• [EXERCISE DESCRIPTION]: Nothing but the lines below from the one containing "Mateu va confirmar" through the one containing "D£®ÎÀÐÇ1ÓÉλÖÃA" should appear in the answer, exact and without pictures.

(Dataset entries)
════════════════════

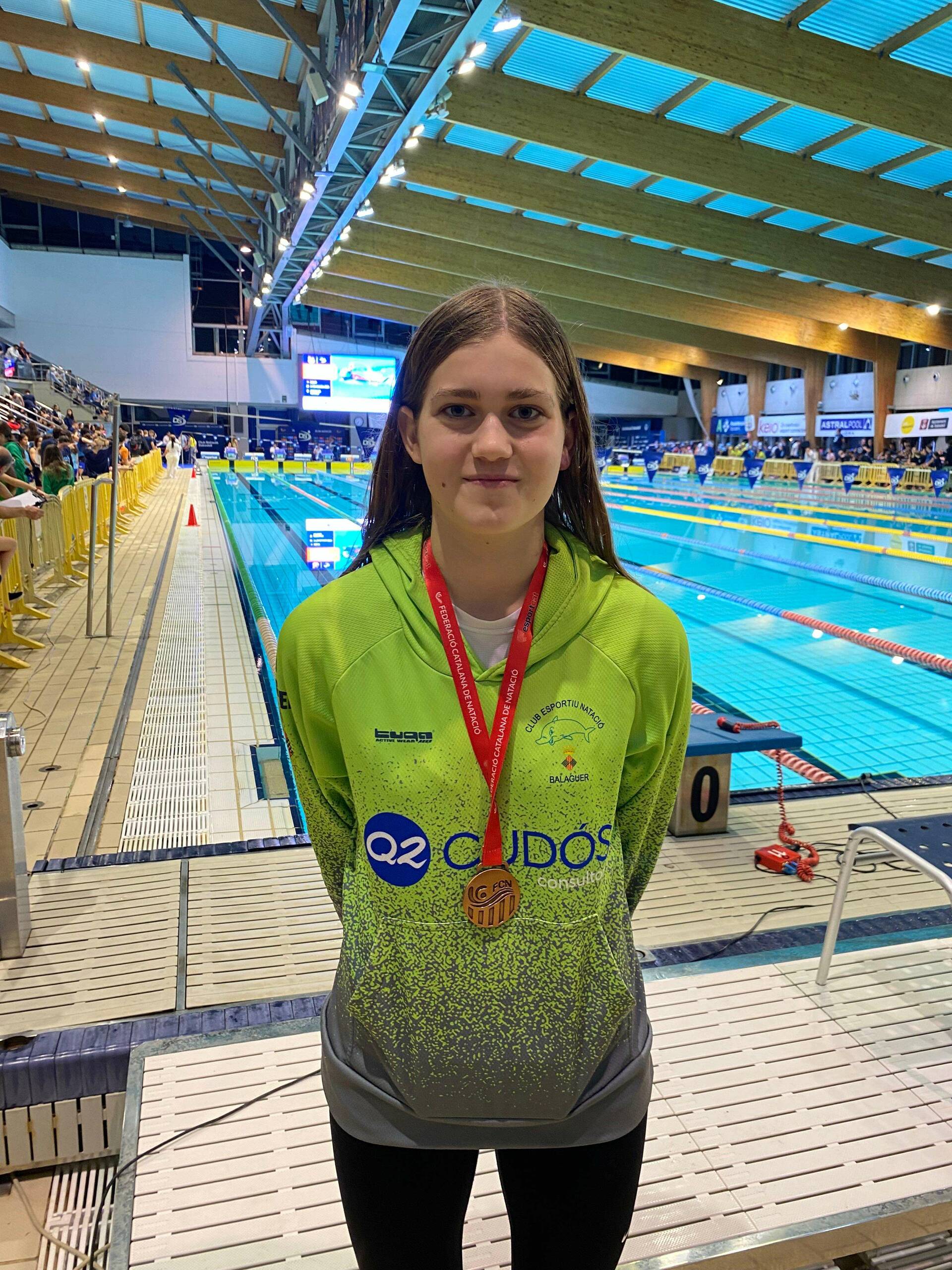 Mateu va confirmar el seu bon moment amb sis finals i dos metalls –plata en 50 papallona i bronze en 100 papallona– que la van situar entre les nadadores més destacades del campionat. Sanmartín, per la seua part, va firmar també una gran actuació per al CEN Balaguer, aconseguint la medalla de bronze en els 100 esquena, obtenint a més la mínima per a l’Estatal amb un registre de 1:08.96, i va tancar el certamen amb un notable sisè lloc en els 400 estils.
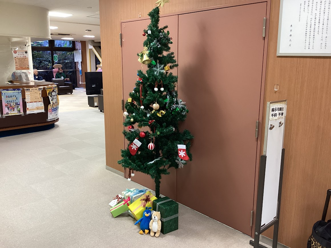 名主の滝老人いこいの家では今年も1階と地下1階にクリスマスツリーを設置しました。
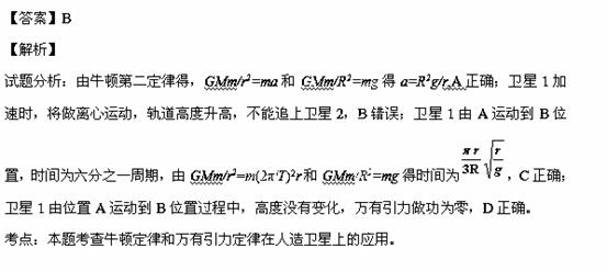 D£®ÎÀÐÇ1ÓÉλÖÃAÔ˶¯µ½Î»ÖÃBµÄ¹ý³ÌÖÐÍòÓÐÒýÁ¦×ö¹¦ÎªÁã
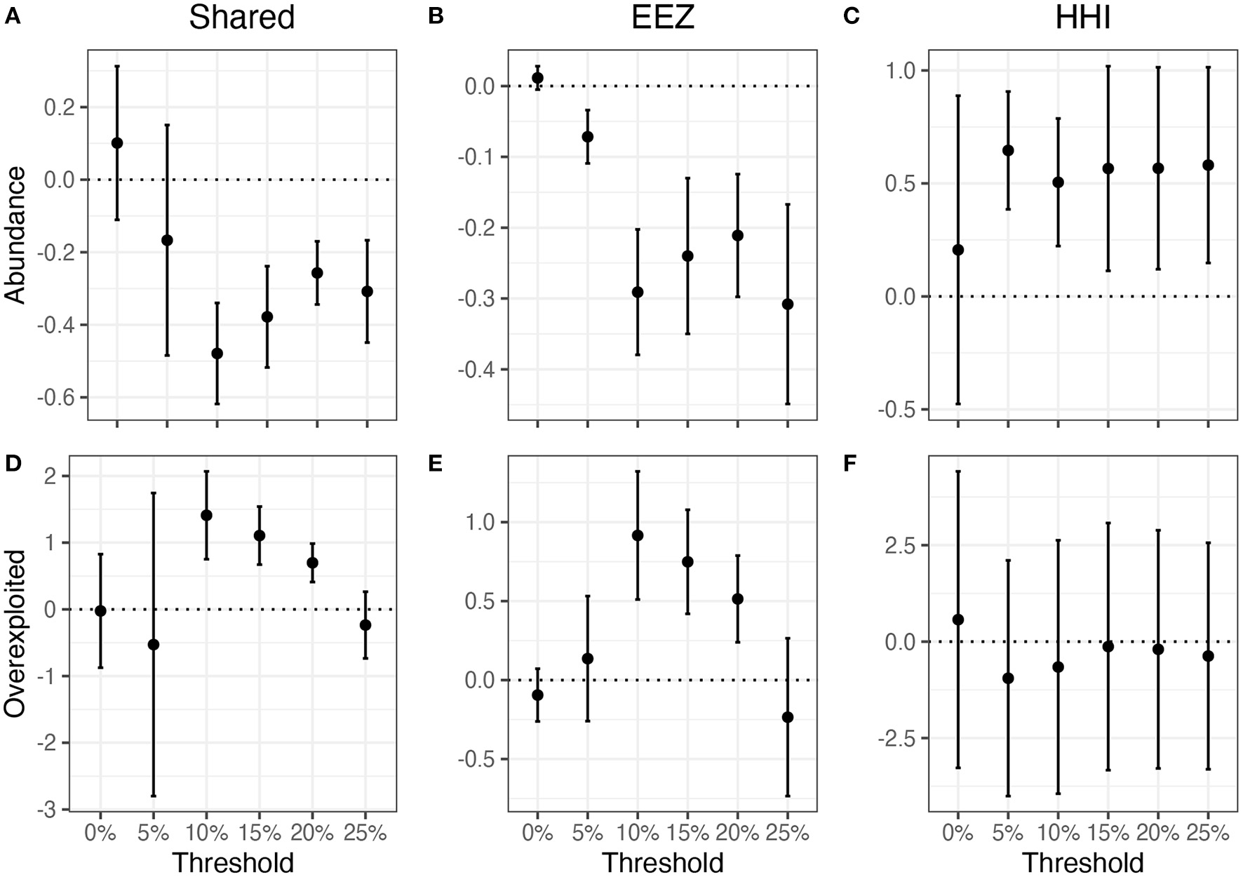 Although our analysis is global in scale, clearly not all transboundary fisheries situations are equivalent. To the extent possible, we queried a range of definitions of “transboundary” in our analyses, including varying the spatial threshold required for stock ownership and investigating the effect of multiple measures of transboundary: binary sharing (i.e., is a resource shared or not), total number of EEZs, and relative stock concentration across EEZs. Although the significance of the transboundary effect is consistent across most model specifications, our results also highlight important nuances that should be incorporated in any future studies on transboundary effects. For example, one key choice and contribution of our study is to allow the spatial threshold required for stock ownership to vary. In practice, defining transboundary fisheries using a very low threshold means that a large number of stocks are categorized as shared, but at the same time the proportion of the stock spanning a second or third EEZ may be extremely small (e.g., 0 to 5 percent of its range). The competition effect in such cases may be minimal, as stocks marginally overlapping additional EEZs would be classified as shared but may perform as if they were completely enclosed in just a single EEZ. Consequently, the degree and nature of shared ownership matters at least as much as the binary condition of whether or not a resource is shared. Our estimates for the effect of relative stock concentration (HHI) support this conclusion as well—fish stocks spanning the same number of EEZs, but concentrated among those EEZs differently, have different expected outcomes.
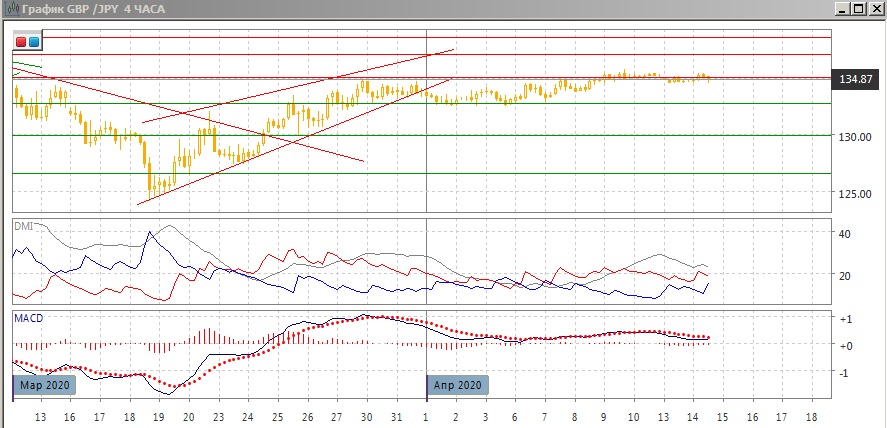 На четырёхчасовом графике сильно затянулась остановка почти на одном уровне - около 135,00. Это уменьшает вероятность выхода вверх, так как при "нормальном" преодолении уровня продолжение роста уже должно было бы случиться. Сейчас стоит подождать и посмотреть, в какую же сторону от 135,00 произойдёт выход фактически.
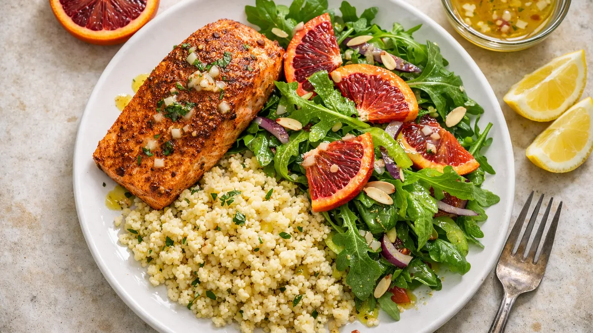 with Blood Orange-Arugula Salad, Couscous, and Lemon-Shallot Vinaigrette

════════════════════

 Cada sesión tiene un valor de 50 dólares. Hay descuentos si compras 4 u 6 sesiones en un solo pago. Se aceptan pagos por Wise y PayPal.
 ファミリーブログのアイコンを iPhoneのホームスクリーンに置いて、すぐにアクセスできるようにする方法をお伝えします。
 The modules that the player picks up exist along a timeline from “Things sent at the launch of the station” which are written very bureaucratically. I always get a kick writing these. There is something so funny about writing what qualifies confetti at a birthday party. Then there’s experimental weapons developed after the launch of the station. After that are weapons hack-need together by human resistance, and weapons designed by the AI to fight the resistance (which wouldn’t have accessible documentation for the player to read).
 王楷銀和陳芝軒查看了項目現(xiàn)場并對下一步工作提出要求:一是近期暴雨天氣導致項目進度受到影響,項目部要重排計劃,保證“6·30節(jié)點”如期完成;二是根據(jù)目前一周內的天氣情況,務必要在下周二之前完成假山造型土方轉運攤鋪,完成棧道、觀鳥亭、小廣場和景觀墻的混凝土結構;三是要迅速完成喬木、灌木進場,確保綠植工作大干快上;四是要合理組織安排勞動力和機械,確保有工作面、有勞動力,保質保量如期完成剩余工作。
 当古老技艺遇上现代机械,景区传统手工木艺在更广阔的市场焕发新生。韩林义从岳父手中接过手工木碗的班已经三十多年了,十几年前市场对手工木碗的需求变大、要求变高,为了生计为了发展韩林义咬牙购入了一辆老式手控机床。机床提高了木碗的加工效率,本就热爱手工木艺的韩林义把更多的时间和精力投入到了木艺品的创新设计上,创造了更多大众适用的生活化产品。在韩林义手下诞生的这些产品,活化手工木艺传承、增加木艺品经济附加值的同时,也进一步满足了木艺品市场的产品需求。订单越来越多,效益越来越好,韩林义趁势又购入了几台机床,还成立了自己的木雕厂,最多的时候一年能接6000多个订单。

════════════════════

• [RESPONSE BELOW]:
 Mateu va confirmar el seu bon moment amb sis finals i dos metalls –plata en 50 papallona i bronze en 100 papallona– que la van situar entre les nadadores més destacades del campionat. Sanmartín, per la seua part, va firmar també una gran actuació per al CEN Balaguer, aconseguint la medalla de bronze en els 100 esquena, obtenint a més la mínima per a l’Estatal amb un registre de 1:08.96, i va tancar el certamen amb un notable sisè lloc en els 400 estils.
 名主の滝老人いこいの家では今年も1階と地下1階にクリスマスツリーを設置しました。
 D£®ÎÀÐÇ1ÓÉλÖÃAÔ˶¯µ½Î»ÖÃBµÄ¹ý³ÌÖÐÍòÓÐÒýÁ¦×ö¹¦ÎªÁã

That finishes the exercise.